Problem description: Exactly the lines below from the line with "中央臺(tái)主持人龐瑩、" through the line with "ビンテージ UNISA エスニック" must make up the answer, both ends included and pictures left out.
+++ Records shown
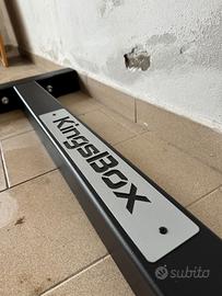 Le colonne verticali sono provviste di fori e numeri ritagliati al laser, rendendo facilissimo lo spostamento dei supporti J-cups per il bilanciere. Sono incluse anche un paio di J-cups per il supporto del bilanciere.
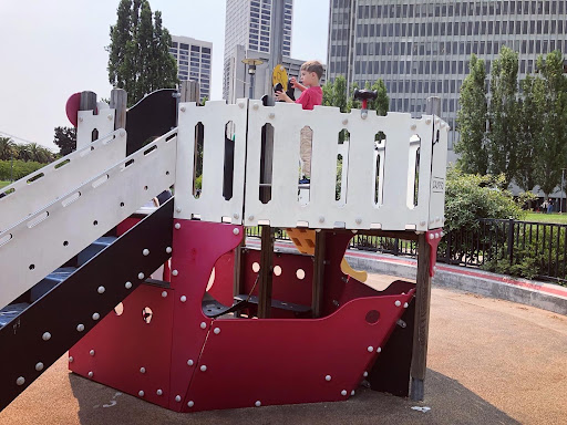 Just took the ferry to the city from the east bay? Want to explore a little? Across The Embarcadero is Sue Beirman Park full of grassy lawns, a huge water fountain, and a playground. The playground is gated and has two structures, a giant climbing dome (with lope ladders and more), swings (bucket and standard), teeter totter, and spinning cup. The smaller structure is shaped like a boat! There is a slide, steps, rope ladder, hammock underneath, a look out deck up top with wheel and binoculars, and benches inside. The larger structure has a long slide and a bottomless sideless slide, steps, rock climbing, and monkey bars. Across the grass is the GIANT water fountain that you can walk under and take steps up to the top. (Definitely don’t go in the water thought 🥴) While there aren’t bathrooms close to the playground, it’s right across from the ferry building which has bathrooms as well as food and coffee options. The kids have never been to the city and it was really neat for them to see the buildings so close that we see so far away when we are exploring...
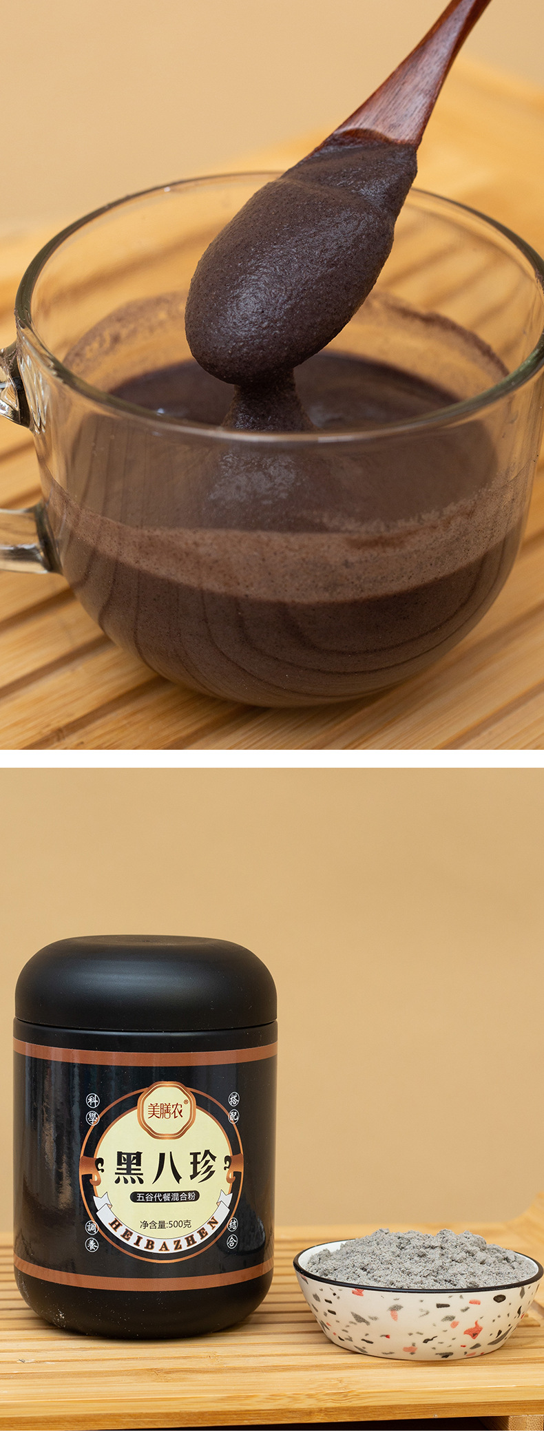 美粥食客黒八珍粉黒豆黒米黒ゴマクルミ糊超微微微微研磨代食朝食
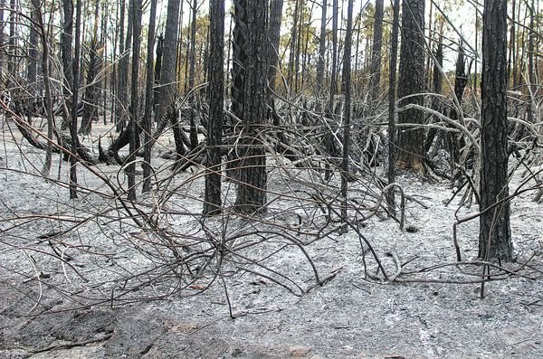 - CHUCK BALLARO The charred remains of a wooded area near 21st Street West on Saturday.
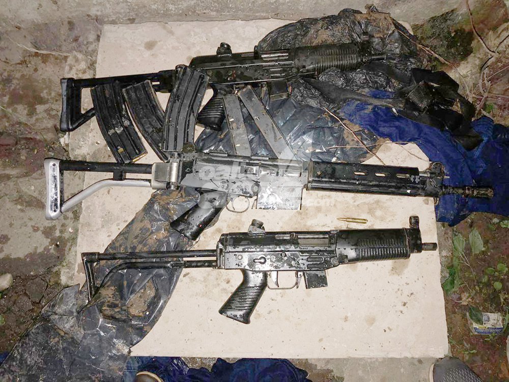 As duas submetralhadoras e o fuzil encontrados pela polícia/foto: O Alto Acre
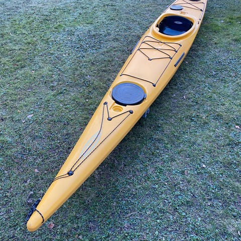 Hasle explorer havkajakk tilsalgs.pent brukt med nye strikk på dekk.Har byttet ut noen bolter/wireklemmer som var rustet.nye tau til roret.gummilokkene over bagasjerommene er helt fine og myke.Ikke morkne.Endel skrap under vannlinjen,men ingen hull/sprekker.Padleåre,vest og spruttrekk følger med.vest 70-90kg.Åre222.5cm
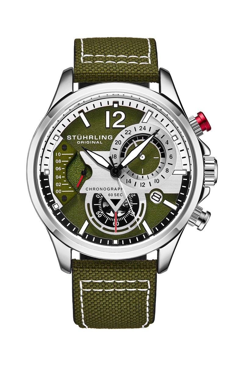 Montre à quartz en cuir et tissu Cordura - Chronographe - Vert
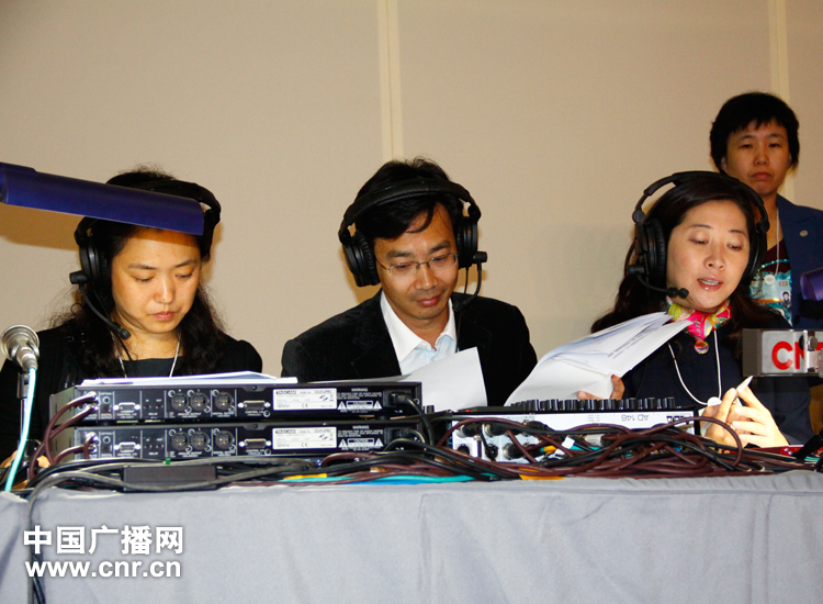 中央臺(tái)主持人龐瑩、楊波和特約評(píng)論員吳學(xué)蘭正在直播2011夏季達(dá)沃斯開幕式
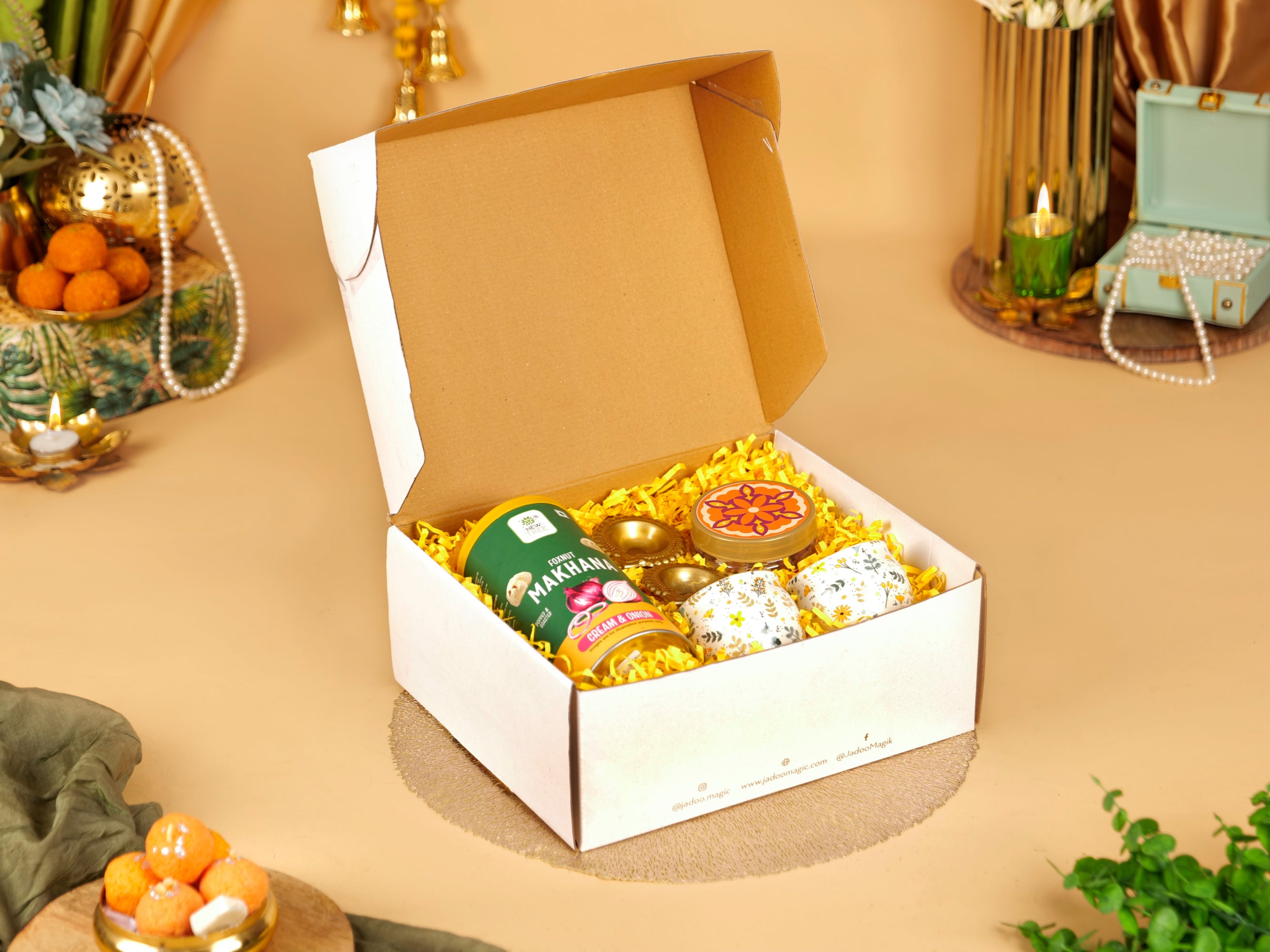 At Jadoo Magic, we present "Delightful," a beautifully crafted, budget-friendly gift box ideal for both personal and corporate gifting. The set includes two traditional Kullad cups, two elegant golden metal diyas, a jar of 100g mixed roasted dry fruits, and a pack of delicious Jumbo Makhana Cream & Onion. Perfect for the festive season, this thoughtful gift box embodies the essence of tradition and celebration. Whether you're looking for a unique housewarming gift or a festive present, Delightful offers a touch of elegance and warmth.
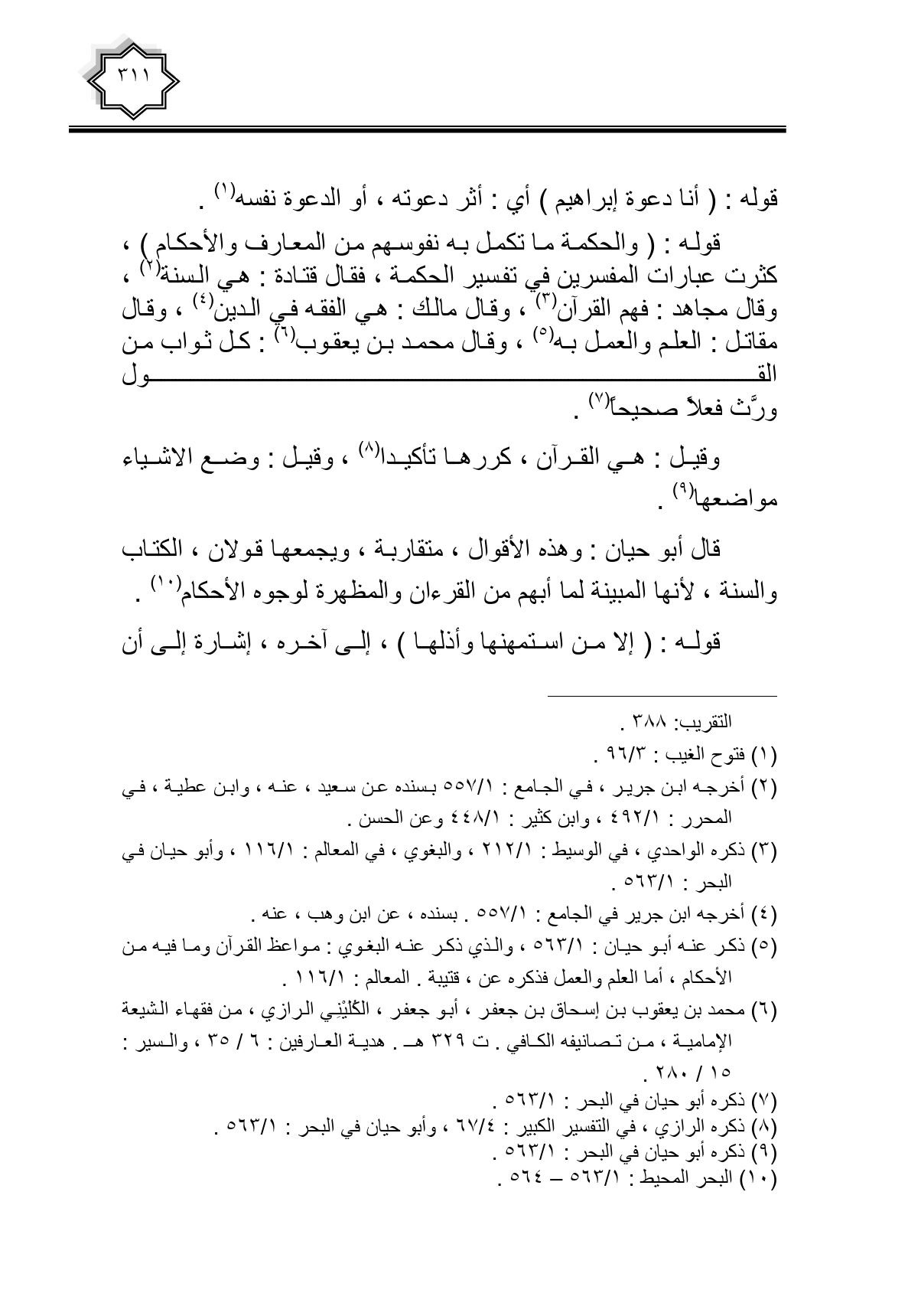 قال أبو حيان: وهذه الأقوال، متقاربة، ويجمعها قولان، الكتاب والسنة، لأنها المبينة لما أبهم من القرآن والمظهرة لوجوه الأحكام.
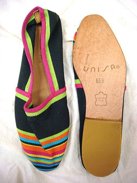 ビンテージ UNISA エスニック 民族 マルチ カラー デザイン サンダル シューズ スリッポン スリッパ スニーカー エスパドリーユ 蛍光 黒 珍
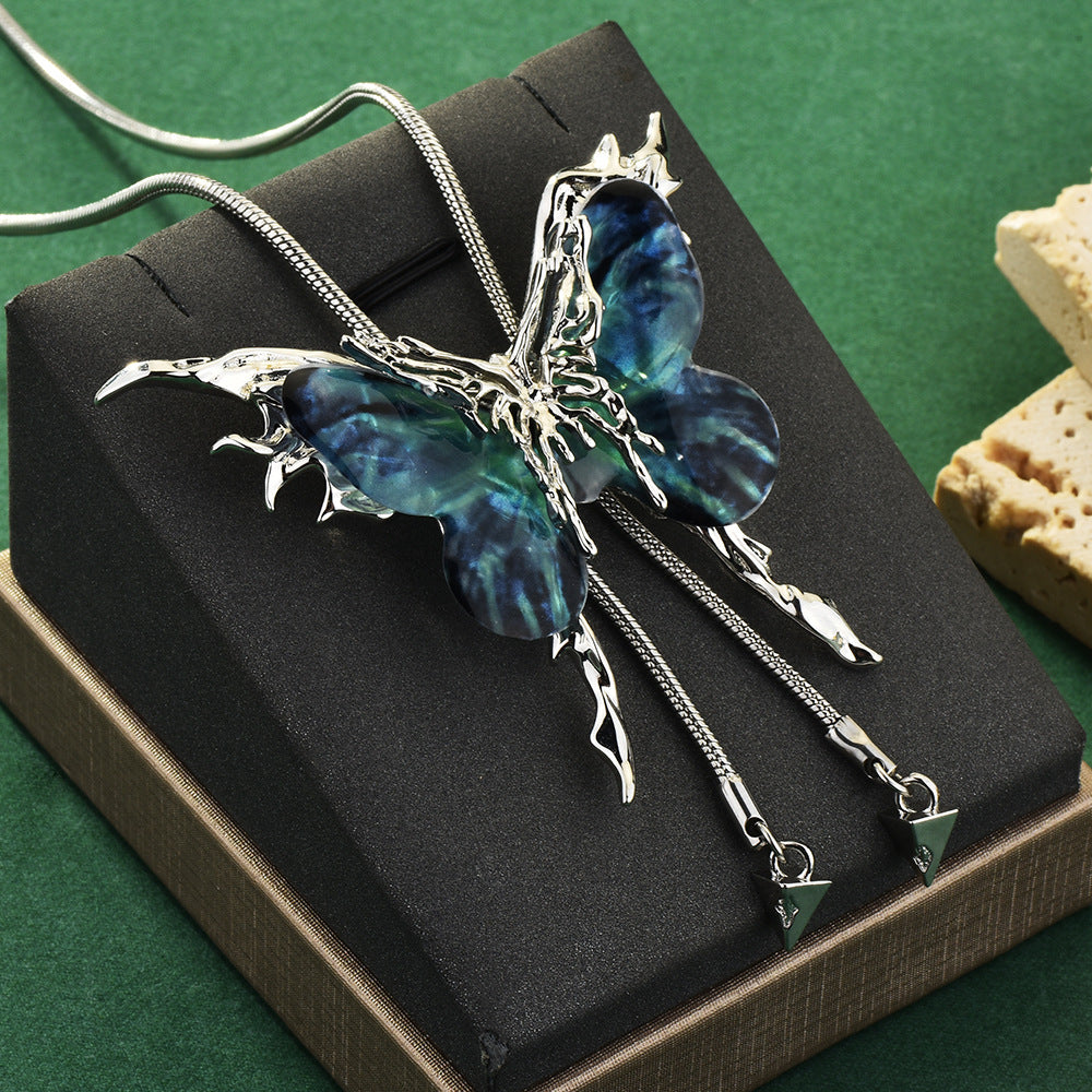 Elevate your accessory collection with this sophisticated blue butterfly tassel necklace, designed for those who appreciate versatile elegance. The standout feature is its replaceable butterfly piece, allowing you to customize your look effortlessly and extend the necklace's lifespan. The adjustable design ensures a perfect fit for any neckline, while the tassel detail adds refined movement and dimension. Ideal as a sweater chain or standalone statement piece, this necklace combines timeless style with practical innovation. Perfect for layering or wearing solo, it's a wardrobe essential that adapts to your personal aesthetic.
++++++
Task solution:
 中央臺(tái)主持人龐瑩、楊波和特約評(píng)論員吳學(xué)蘭正在直播2011夏季達(dá)沃斯開幕式
 At Jadoo Magic, we present "Delightful," a beautifully crafted, budget-friendly gift box ideal for both personal and corporate gifting. The set includes two traditional Kullad cups, two elegant golden metal diyas, a jar of 100g mixed roasted dry fruits, and a pack of delicious Jumbo Makhana Cream & Onion. Perfect for the festive season, this thoughtful gift box embodies the essence of tradition and celebration. Whether you're looking for a unique housewarming gift or a festive present, Delightful offers a touch of elegance and warmth.
 قال أبو حيان: وهذه الأقوال، متقاربة، ويجمعها قولان، الكتاب والسنة، لأنها المبينة لما أبهم من القرآن والمظهرة لوجوه الأحكام.
 ビンテージ UNISA エスニック 民族 マルチ カラー デザイン サンダル シューズ スリッポン スリッパ スニーカー エスパドリーユ 蛍光 黒 珍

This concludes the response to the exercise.